Street in Bangkok, Thailand

Surasena Alley or Soi Surasena (ซอยสุรเสนา), or officially known as Soi Si Lom 5 (ซอยสีลม 5), and commonly known as Soi Lalai Sap (ซอยละลายทรัพย์, /th/; lit. 'melted money alley') is a side-street (soi) branching off Si Lom Road in the Bang Rak District of Bangkok, Thailand. It is the home of many stores, air-conditioned shophouses, mini malls, food courts and stalls, and sidewalk vendors, which sell a variety of goods such as men's and women's clothes, souvenirs, handicrafts and many kinds of food.
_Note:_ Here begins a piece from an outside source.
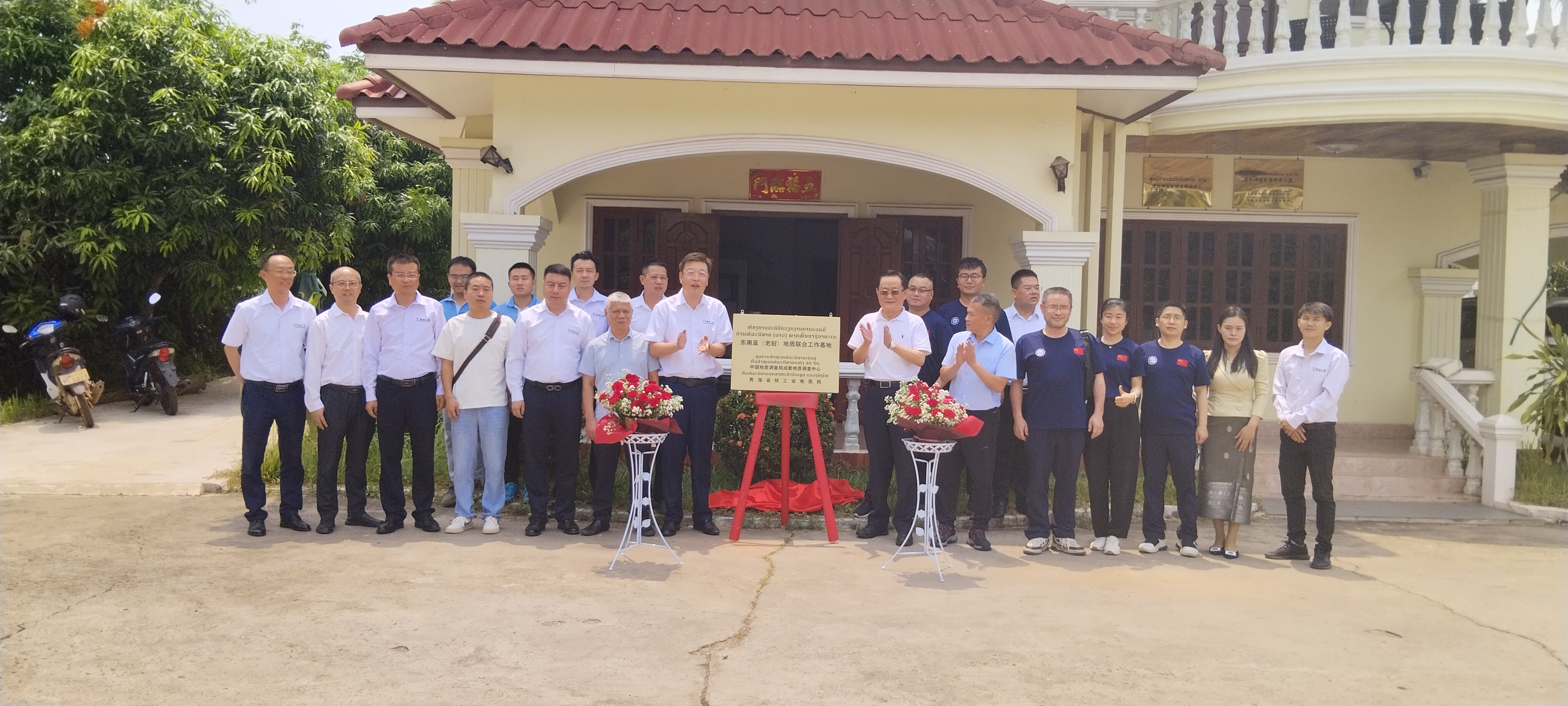 5月6日,成都地调中心党委成员、副主任孙清元一行到访青海核工业地质局老挝青海工程技术有限公司,双方举行“东南亚(老挝)地质联合工作基地”成立揭牌与合作项目签约仪式,深入交流后续的技术合作。

The name "Surasena" after Phraya Surasena (พระยาสุรเสนา) a Thai aristocrat, who used to have house in the neighbourhood. Currently much of the area is now covered by the large headquarters of Bangkok Bank, which stands at the side of Soi Lalai Sap.

The stores and traders have occupied this soi since 1983, increasing in popularity over time.

Currently, It is known as a shopping center like Pratunam Market or JJ Market, but there is less area. It is very popular among employees of various office companies nearby, especially during lunch break. It is also not far from other shopping and attraction areas such as Silom, Patpong or Thaniya.